塾で受験対策の授業をしていると,受験は点取りゲームだなということをつくづく実感する。時間内にいかに多くの点をたたき出すか,に焦点を当て,それにコミットすることが受験においては何よりも大切であって,こだわりやプライド,強すぎる感情,好奇心などがあると点を稼ぐことは難しくなる。生徒の成績を上げること,希望の学校に進学させることが私たちの塾の目的であり,生徒も親も望んでいることなので,私は目的に沿うことをしているわけだが,同時に少しだけ違和感も感じている。
私が担当している塾の中学生たちは先月から,入試や模試の過去問を解きまくるフェーズに入っている。入試問題の形式は,公立高校においてもそれぞれの私立高校においても毎年大きく変わっていないので,過去問をやればやるだけ生徒たちは問題形式に慣れていく。問題形式に慣れるということは点を稼ぐためにはしておいて損のないことだ。もちろん本番の入試ではどんな問題が出されるか分からないが,入試問題を作ることは労力も時間もかかること,教育内容が前年とそれほど変化していないことを踏まえれば,問題形式が大幅に変わることは考えにくい。よって,本番の際,これまで何度も練習してきたように解き進めていけばいいので,問題形式に慣れていれば心の余裕が少しは生まれてくるであろう。

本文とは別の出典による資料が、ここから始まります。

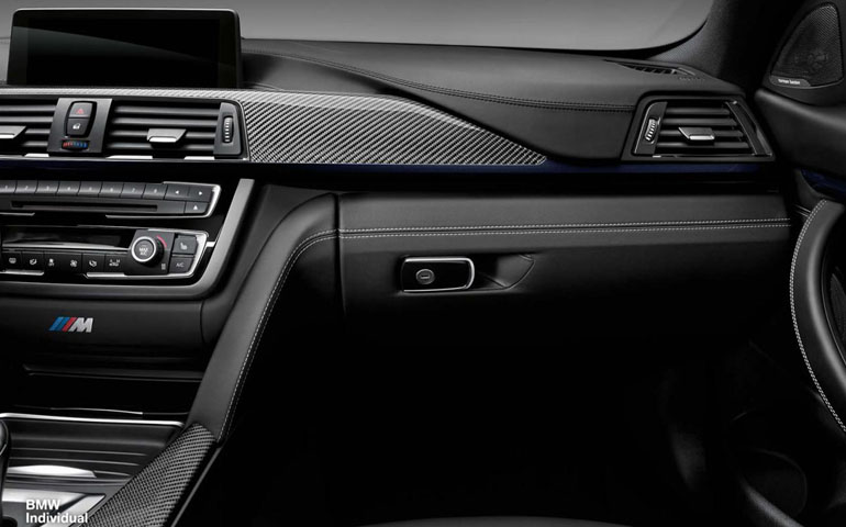 Τα carbon διακοσμητικά στο ταμπλό, η μπλε μεταλλική απόχρωση, τα σήματα M και το δέρμα υψηλής ποιότητα σε κεντρική κονσόλα και μοχλό ταχυτήτων, αναδεικνύουν την κομψότητα και το σπορτίφ προφίλ του αυτοκινήτου.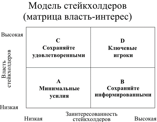 Первой фазой в анализе заинтересованных сторон является их выявление и поиск. Следующий шаг – создание досье на каждую заинтересованную сторону, определение силы, влияния и интересов каждой из сторон. Заключительный шаг – выделение наиболее важных игроков, чтобы предугадать их возможные ответные ходы и по возможности заручиться поддержкой или, наоборот, нейтрализовать их негативное влияние на развитие ситуации.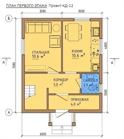 Проект каркасного дома 6×7 м «Универсальный» для круглогодичного использования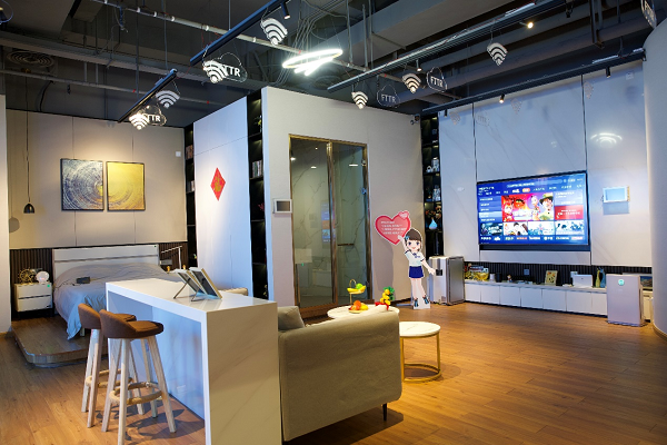 厅内智慧家庭区域(约150平方米)采用全光WiFi家庭解决方案1主光猫+2从光猫部署,通过暗管+透明光纤混合布线方式提供全场景智慧生活解决方案。通过VR游戏体验、天翼看家等智能产品,展示全光WiFi助力下的智慧生活,并以场景化、互动化的方式体现全光WiFi超千兆速率、广覆盖、超多链接,无缝漫游等优势。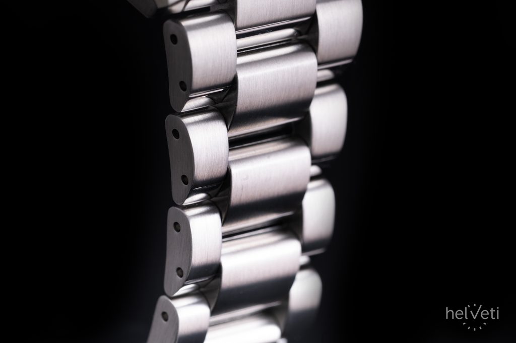 The clear dial is protected by a sapphire crystal that is maximally scratch-resistant. The anti-reflective coating ensures excellent legibility even in bright sunlight. The water resistance ofthis watch is200 m, so it can easily handle contact with water, such as swimming or diving up to about 20 meters. The water resistance is supported by a screw-down crown.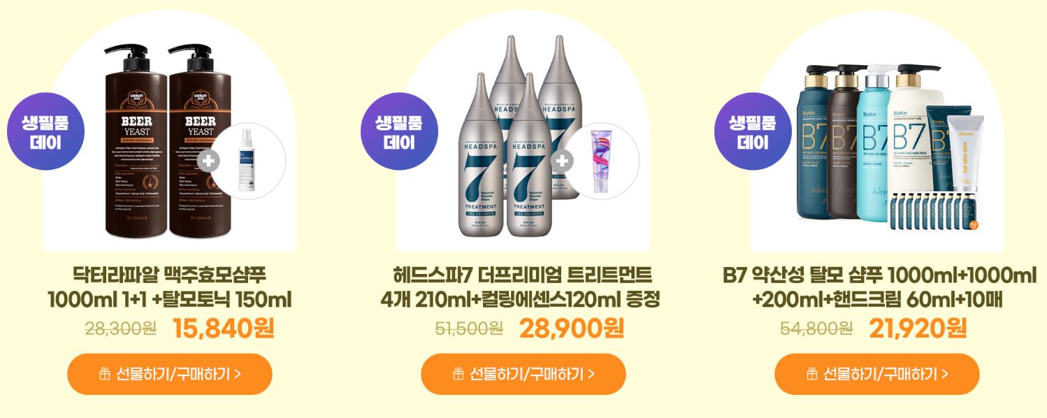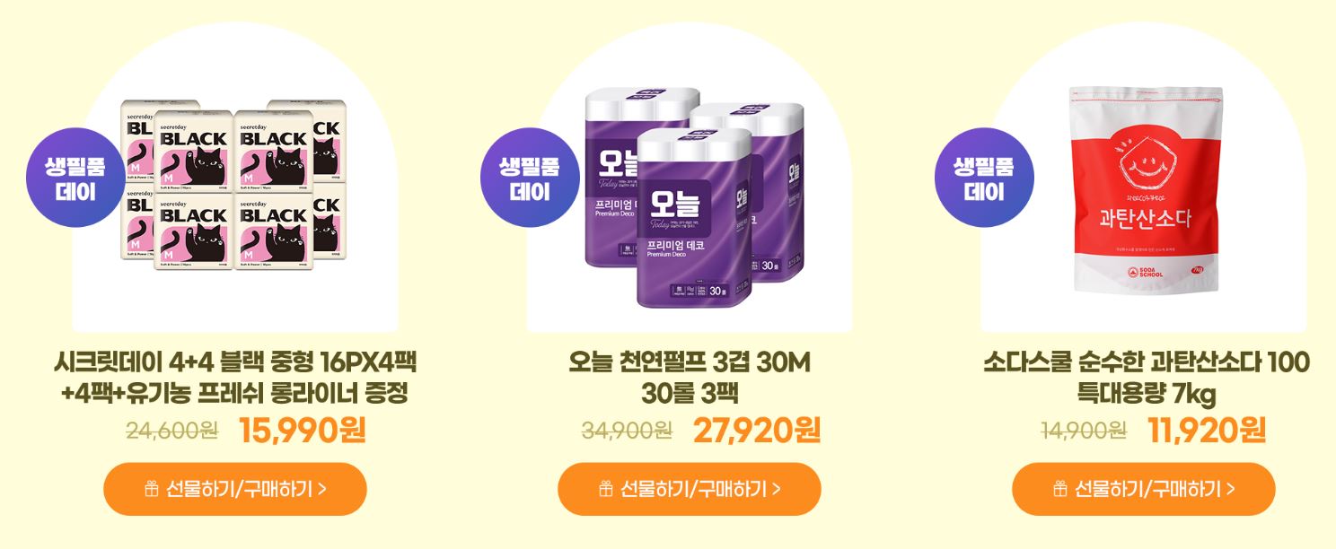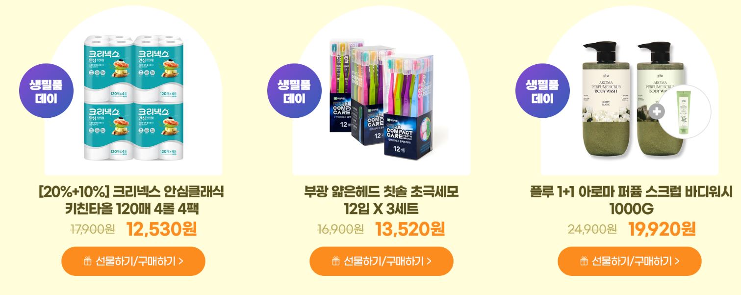 할인 품목 : 휴지, 샴푸 등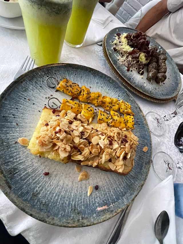 7.5/10As much as I want to support a Persian restaurant, the food was nothing close to Persian. We received sour chicken kebab, a strange Bakhtiari kebab that looked nothing like the real dish, and rice that felt more like Thai sticky rice than Basmati or Persian rice. There was no Persian chef, which made sense after tasting the food. The only positive point was the polite waitress who tried her best to make us feel comfortable.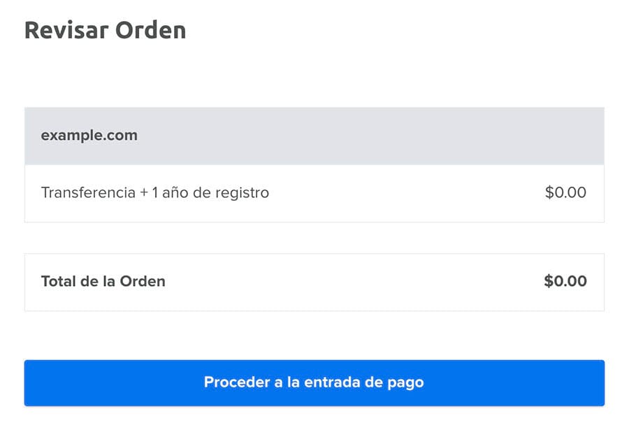 Si tienes un registro gratuito con tu compañía de registro actual, DreamHost no te cobrará. Si no tienes un registro gratuito, tendrás que pagar por él en este paso.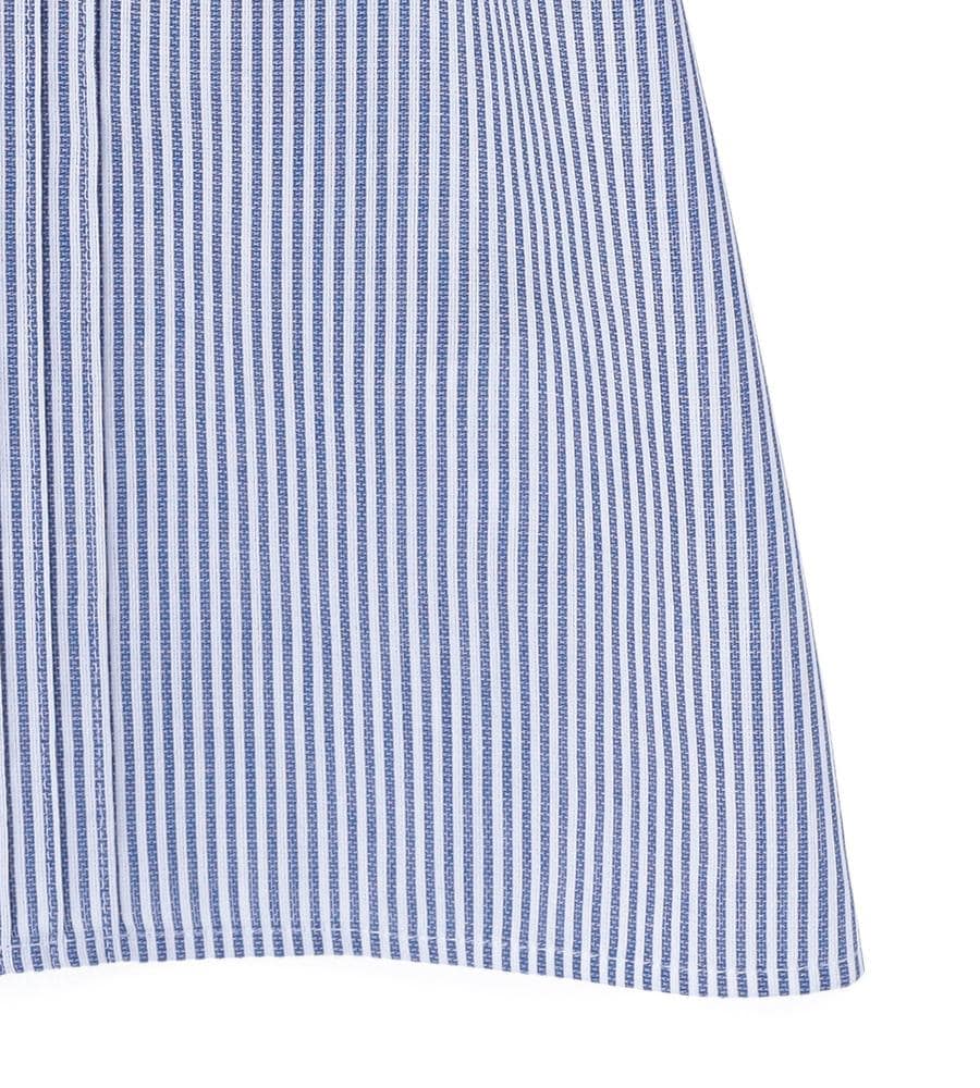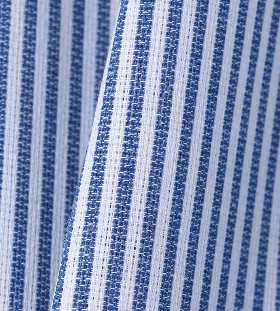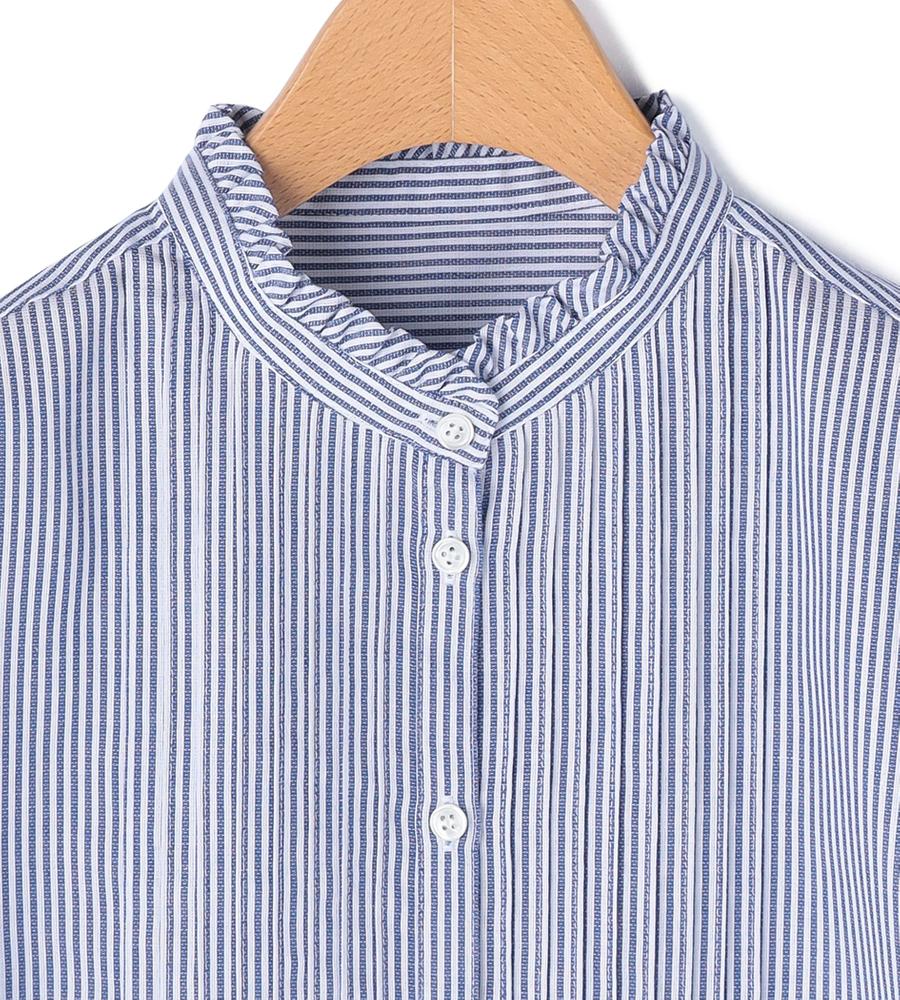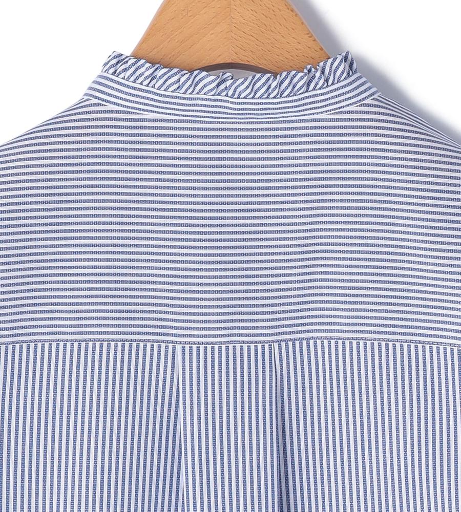細めのストライプ柄がさわやかなムードの半袖ブラウス。フリルのスタンドカラーが愛らしいデザインポイント。涼やかなパナマ織りのコットン素材で心地よい肌触りの生地感も魅力。ストレートカットの裾で様々なボトムとマッチ。春夏シーズンらしいおしゃれなお出かけコーディネートが実現するアイテムです。
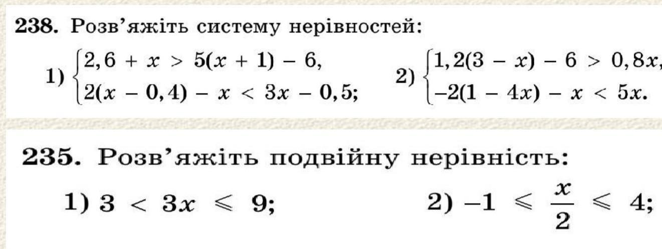 235 . 1) 3 < 3x ≤ 9 ; │: 3 2) - 1 ≤ x/2 ≤ 4 ; │X 2

そんな中,過去問をたくさん解いてきた要領のよい生徒たちにある傾向がみられるようになってきた。英作文の解答で頻発しているのだが,生徒たちは点をとるための文章しか書かなくなった。例えば英作文の問題では,与えられたテーマについて3文程度で書くことが求められる。テーマに沿っていれば,基本的には何を書いてもよい。最初のころはそれぞれのテーマについて考えて書いていた様子が見られたが,今は型にはまった文章であり,1つ1つの文もこれまでに書いた文の中の正しい文の使い回しが多く,I like ○○.といった簡単な文のみでおさまっている。杓子定規な解答も多い。解答に書かれていることについて質問してみると,実際はそう思っていないけど,とりあえず点がとれる解答を,というのがほとんどだ。
減点法での採点ゆえ,英作文で得点を上げるには,自分が分かっている表現のみでシンプルな文を作ることがコツである。そうすることで短時間でその問題を終わらせることもできる。だから,私もそうやって解答を作るように教えているし,であるならなおさらそういう解答が出てくるのは当然のことだ。でもやはり違和感はぬぐえない。私の個人的な気持ちとしては,生徒たちが実際に考えていることや言いたいことを英語で表現する方法を身につけてほしい。そのほうが生徒たちにとっても楽しいだろうし,将来役に立つだろう。それに,それが学ぶということだとも思う。しかし,そんな思いは受験ではお呼びでないのだ。書きたいことを自由に書いて満点になるなら何も問題はないが,生徒にそこまでの英語力はないし,それを実現するためには時間も足りない。よって,高得点だけどその人らしさの反映されない,面白みのない英作文が増産されていく。そして,自分の書きたいことを書きたいという思いが強い生徒や,要領よくできない生徒は,ささいなミスを連発して点を落としていくこととなる。個人的にはそれもなんだか切ない。
とはいえ,受験には人生を左右するという面もあるわけで,そういうルールで行われている以上それに乗っかるしかない。受験で勝たなければ,生徒たちは自分が思い描く高校生活のスタートラインに立てない。私自身もそれに乗っかったから,その後の生活が開けた。なので今は点取りゲームにコミットする次第である。